→ **Data extract**
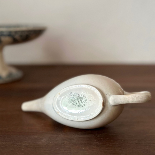 Jolie patine et jolis détails sur ce petit biberon à potion de la faïencerie de Castres.
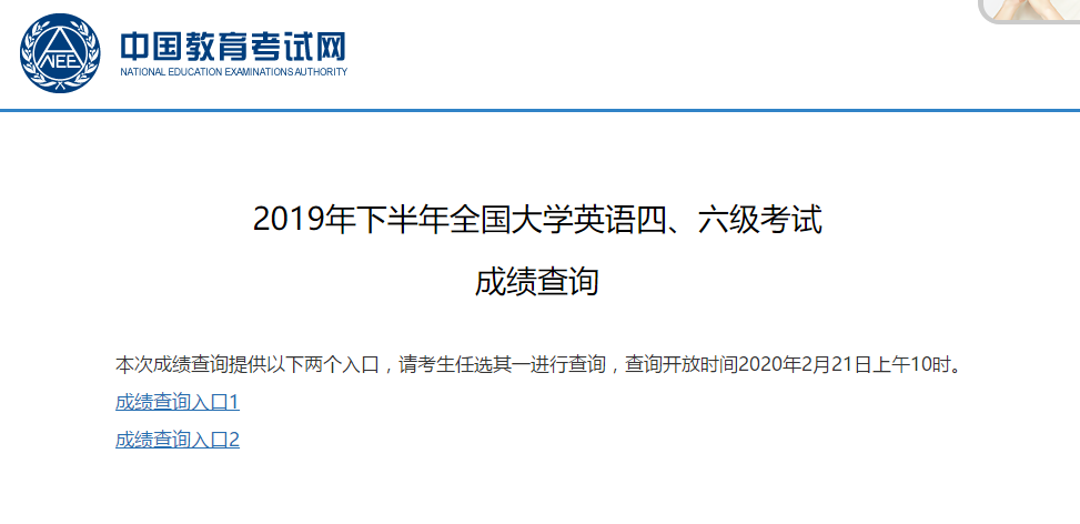 2019年12月英語四六級成績查詢時間為2020年2月21日10時,下面是查分入口詳情:
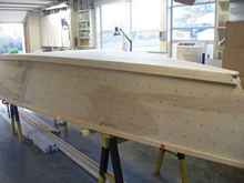 I had made a template for the rudder and leeboard foils using the Michael Storer foil shape from my OZ-PDR plans. Shaping the foils on the large leeboard took about an hour per side using a power plane and belt sander The rudder took a lot less time.
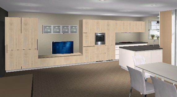 Dabei könnte man dann den Bereich, der quasi im Wohnzimmer steht mit einer holzigen Front wählen, den Rest in hellem Schichtstoff .

→ **What the exercise asks**
The reply should consist only of the lines from the top of the material above through the line with "2019年12月英語四六級成", printed exactly, pictures omitted.

→ **Response area**
 Jolie patine et jolis détails sur ce petit biberon à potion de la faïencerie de Castres.
 2019年12月英語四六級成績查詢時間為2020年2月21日10時,下面是查分入口詳情:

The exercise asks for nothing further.